ODEs, PyMC4 and custom likelihood in jax

yunus · February 1, 2022, 1:54pm

Hi everyone,

I have a log likelihood function for a large ODE system (10-20 state variables and 60-100 parameters that I have to call for 1000 individuals per iteration) implemented using jax (vmap, odeint) for speed purposes. I was wondering if there’s a straightforward way to implement this custom likelihood (or at least my vmap(odeint() function) into a PyMC4 (or 3) model? In Numpyro, for instance, I can easily add the jax.vmap(jax.odeint(…)) term to the model myself (see, e.g., this example, Example: Predator-Prey Model — NumPyro documentation)

Thanks!

ricardoV94 · February 1, 2022, 8:32pm

You can wrap a JAX function in a Theano/Aesara Op to be used in conjunction with a PyMC model

michaelosthege · February 1, 2022, 8:33pm

Hi @yunus,
so the thing with jax Ops is that you’ll need the entire model to be written as Jax-able Ops for sampling the PyMC v4 model with numpyro. That should be possible AFAIK.
Technically Aesara should be flexible enough to make a function where some parts (“thunks”) are C-compiled from COps and some are jax-jitted from Ops that have Jax implementations. But @ricardoV94 please fact-check me here.

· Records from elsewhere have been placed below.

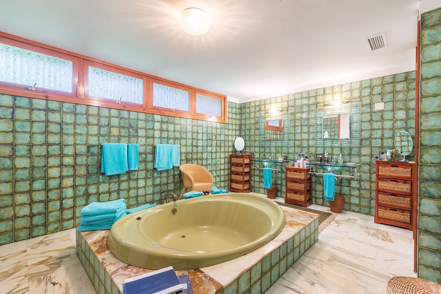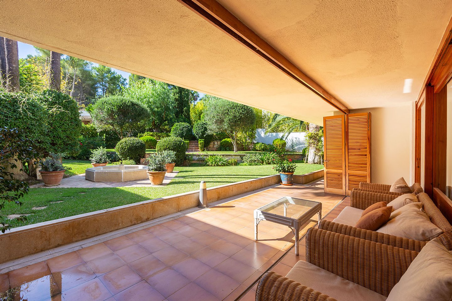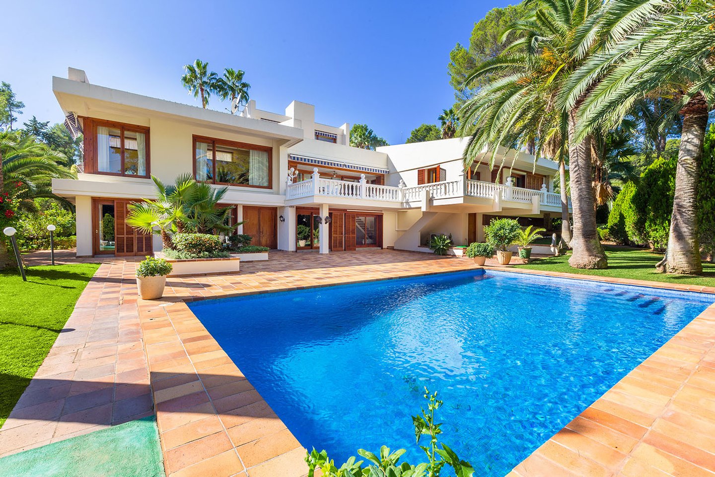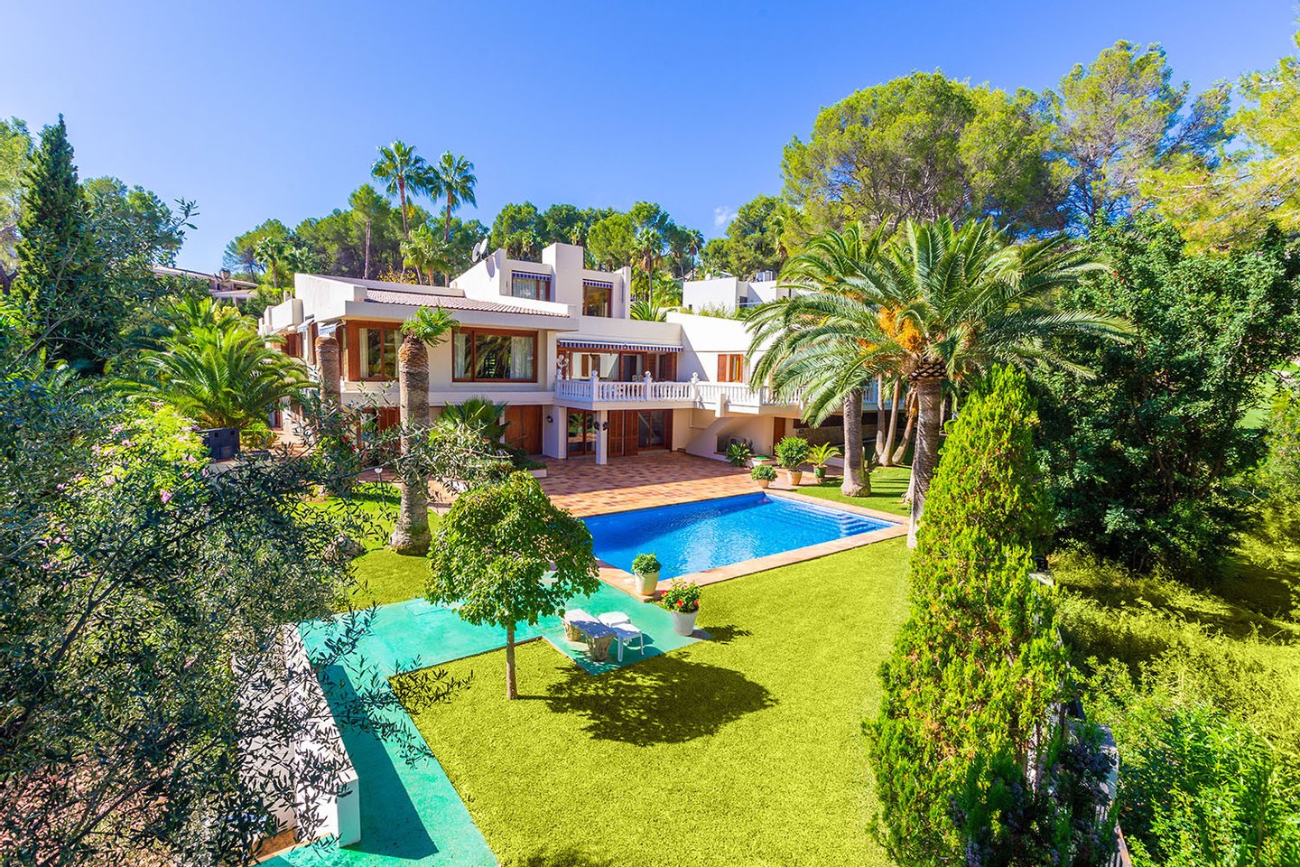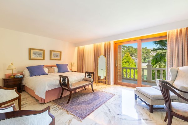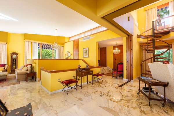 Diese großzügige zweigeschossige Komfortvilla mit Galerie und mehr als 1.000 m² konstruierter Wohnfläche, welche eine Modernisierung bedarf, präsentiert sich auf einem traumhaft angelegten terrassierten Gartengrundstück von 2.500 m² in 1. Linie des Golfplatzes Son Vida und nur wenige Autominuten vom Zentrum, der Hafenpromenade Paseo Marítimo sowie mehreren Stränden und Yachthäfen entfernt. Der Hauptwohnbereich im Erdgeschoss umfasst ein Wohnzimmer mit Galerie, ein Esszimmer, eine Küche, ein geräumiges Hauptschlafzimmer mit eigenem Fitnessbereich, Ankleide und Bad en Suite sowie zwei weitere Schlafzimmer mit einem gemeinsamen Badezimmer. In der darunter liegenden Ebene sind drei weitere Schlafzimmer mit Bädern en Suite und ein Gästeapartment mit Kitchenette und Badezimmer untergebracht. Die exklusive Villa mit viel Privatsphäre befindet sich in der begehrten Villenwohnlage von Son Vida mit den zwei 5-Sterne-Hotels sowie den drei Golfplätzen, ist umgeben von großzügigen freien und überdachten Terrassen mit Barbecue-Bereich sowie Rasenflächen mit eingebettetem Swimmingpool.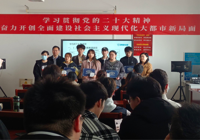 会议伊始,由华为公司天津区域HELP职联科技(天津)有限公司牵头,邀请了华为技术有限公司天津政企合作伙伴发展与管理部总监崔萍萍为2022-2023年度华为ICT大赛天津市赛获奖的同学和指导老师进行颁奖,学院科研副院长武志峰、党委副书记王蕾参与了此次颁奖。在本次比赛中,金沙官网学子在云计算赛道和计算赛道分别斩获天津市赛本科组一等奖1项,二等奖3项。信息工程学院参赛队将代表天津区域参加华为ICT大赛云计算赛道全国总决赛的角逐。同时,为激发同学们参赛热情,公司相关负责人对华为ICT大赛进行了详细的解读,据悉华为ICT大赛自2020年入选全国普通高校大学生竞赛排行榜内竞赛项目名单以来已成为中国高等教育学会认可的含金量高、参赛价值大的国家级竞赛项目之一,鼓励同学们积极参与赛事,通过以赛促学、以赛促练,开拓同学们的视野,提高自身的技能水平,服务区域ICT产业的发展。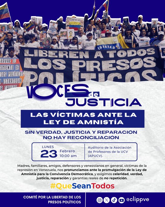 El Comité por la Libertad de los Presos Políticos (Clippve) anunció que realizará una audiencia pública este lunes en la sede de la Asociación de Profesores de la UCV (Apucv).

For your likelihood, you could implement a custom Op and register jax implementations for the perform (forward) and grad (backward) so you can do that vmap thing.

@ricardoV94 is there a vmap equivalent for C-compiled Aesara Ops? Or is that not even necessary because it’s already dealt with at the level of the C-compiler?

In any case it should be quite interesting to build your model in PyMC v4 and benchmark sunode/sundials vs. jax odeint!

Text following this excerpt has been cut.